╭─ DATA
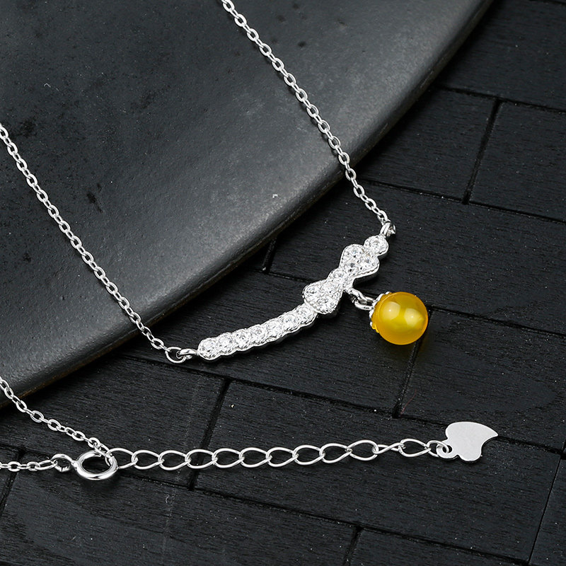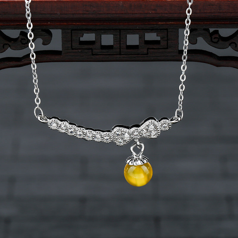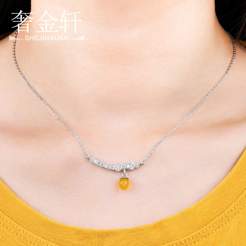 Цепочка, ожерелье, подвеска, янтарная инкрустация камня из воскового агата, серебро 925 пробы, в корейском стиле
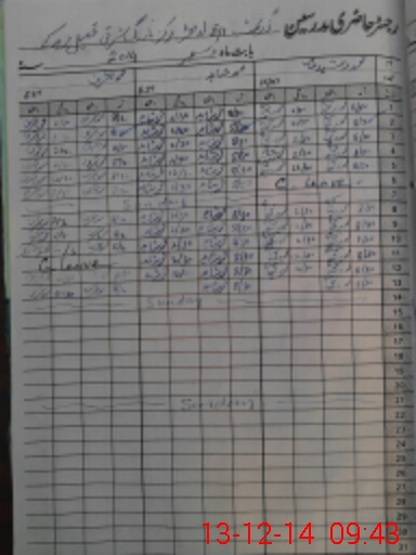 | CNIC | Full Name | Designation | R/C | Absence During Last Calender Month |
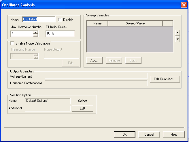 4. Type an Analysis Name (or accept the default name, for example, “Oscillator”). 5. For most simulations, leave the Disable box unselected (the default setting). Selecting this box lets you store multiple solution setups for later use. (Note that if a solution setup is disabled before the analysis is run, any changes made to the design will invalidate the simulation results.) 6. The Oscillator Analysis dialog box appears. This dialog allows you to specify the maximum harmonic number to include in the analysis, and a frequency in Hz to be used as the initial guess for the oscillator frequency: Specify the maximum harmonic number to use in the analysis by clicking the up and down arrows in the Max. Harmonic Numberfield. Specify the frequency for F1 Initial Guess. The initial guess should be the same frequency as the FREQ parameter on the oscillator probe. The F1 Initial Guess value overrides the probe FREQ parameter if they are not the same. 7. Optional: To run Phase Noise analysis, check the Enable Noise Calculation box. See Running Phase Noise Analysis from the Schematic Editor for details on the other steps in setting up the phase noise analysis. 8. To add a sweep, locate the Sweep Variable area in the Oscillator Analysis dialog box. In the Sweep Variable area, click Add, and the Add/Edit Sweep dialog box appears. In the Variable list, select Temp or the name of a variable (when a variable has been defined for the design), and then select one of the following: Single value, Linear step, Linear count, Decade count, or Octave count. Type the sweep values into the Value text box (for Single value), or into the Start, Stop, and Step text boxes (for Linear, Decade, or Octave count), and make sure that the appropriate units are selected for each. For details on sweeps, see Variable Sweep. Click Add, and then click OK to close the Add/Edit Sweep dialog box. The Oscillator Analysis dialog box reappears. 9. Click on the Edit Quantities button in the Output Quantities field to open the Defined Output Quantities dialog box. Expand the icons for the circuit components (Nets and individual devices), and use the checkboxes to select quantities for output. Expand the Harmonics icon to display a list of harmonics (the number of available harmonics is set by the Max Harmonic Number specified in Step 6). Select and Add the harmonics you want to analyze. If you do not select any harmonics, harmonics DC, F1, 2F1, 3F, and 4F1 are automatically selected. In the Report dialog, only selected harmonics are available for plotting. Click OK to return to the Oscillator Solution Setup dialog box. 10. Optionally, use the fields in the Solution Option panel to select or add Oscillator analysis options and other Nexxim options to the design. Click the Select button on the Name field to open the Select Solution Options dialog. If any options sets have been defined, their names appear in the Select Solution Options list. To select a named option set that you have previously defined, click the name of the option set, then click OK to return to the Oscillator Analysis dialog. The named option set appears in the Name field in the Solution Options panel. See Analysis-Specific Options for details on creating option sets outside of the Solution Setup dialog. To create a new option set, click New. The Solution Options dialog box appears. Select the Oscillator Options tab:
╰─
╭─ DATA
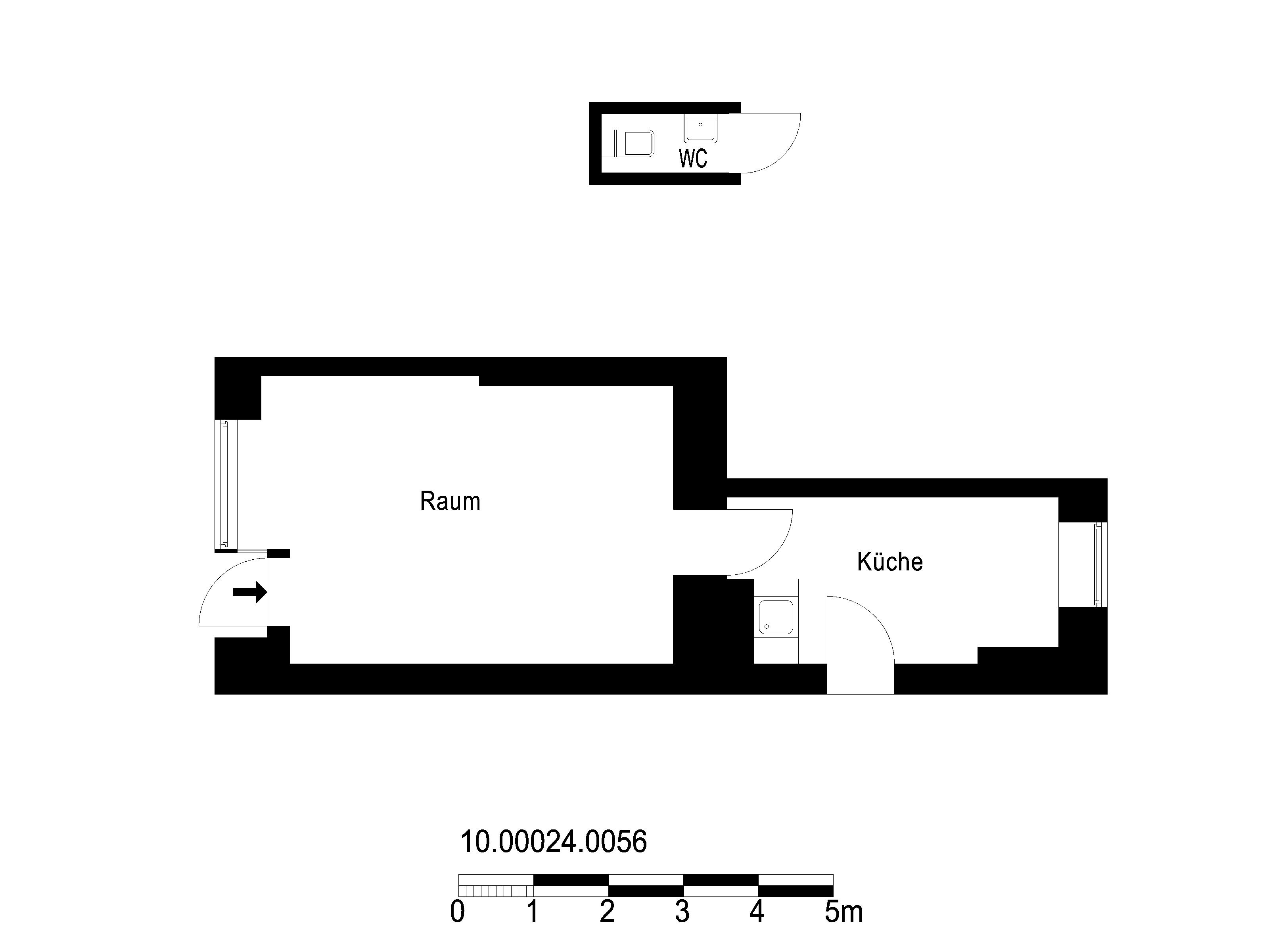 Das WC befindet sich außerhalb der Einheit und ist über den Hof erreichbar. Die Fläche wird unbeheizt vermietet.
╰─
- _WHAT YOU NEED TO DO_: Look above for the line with "Цепочка, ожерелье, подвеска, янтарная" and the line with "Calender Month |", then restate exactly those two lines and all lines between them, with no pictures.

- _ANSWER TO THIS EXERCISE_:
 Цепочка, ожерелье, подвеска, янтарная инкрустация камня из воскового агата, серебро 925 пробы, в корейском стиле
 | CNIC | Full Name | Designation | R/C | Absence During Last Calender Month |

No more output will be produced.